Il modello del CVE è diviso in sei sezioni:
1. Informazioni personali
2. Esperienza lavorativa
3. Istruzione e formazione
4. Capacità e competenze personali
5. Ulteriori informazioni
6. Allegati
1. La sezione Informazioni personali è rivolta a fornire tutte le informazioni
necessarie per identificare l’autore del curriculum (nome, cognome, indirizzo, ecc.). Ricorda che, se il curriculum è inviato in un paese straniero, è necessario fornire il prefisso internazionale e nazionale ed attenersi alle caratteristiche dei diversi sistemi di distribuzione postale. Per maggiori dettagli puoi consultare il sito: http://www.eur-op.eu.int/code/it/it-cover.html.
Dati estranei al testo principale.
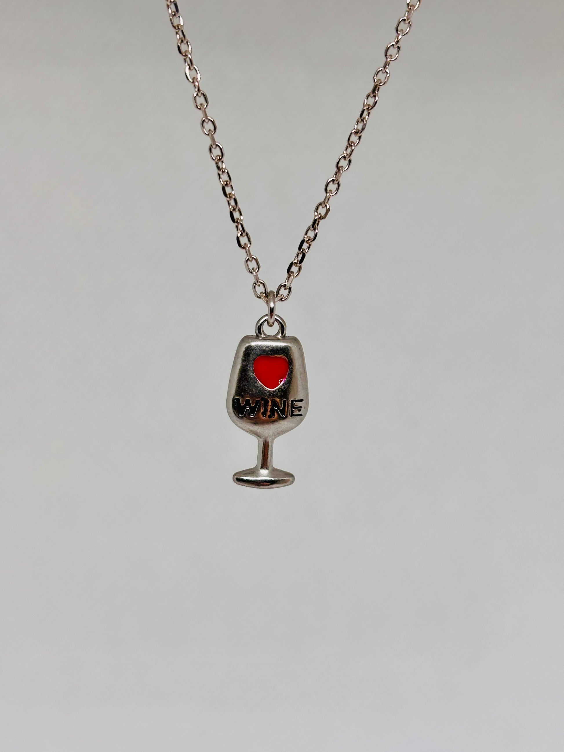 Collana in argento con ciondolo in acciaio a forma di calice di vino con scritta ❤️ wine della collezione Pizzico gioielli.

Lavoro-leggi2. Per quanto riguarda la sezione Esperienza lavorativa vanno elencate, dalla
più recente alla più remota, tutte le esperienze lavorative svolte, compresi
stage e tirocini.
Non trascurare le esperienze che hanno comportato aspetti particolari (ad
esempio, un soggiorno all’estero, un’attività di contatto con il pubblico, ecc.).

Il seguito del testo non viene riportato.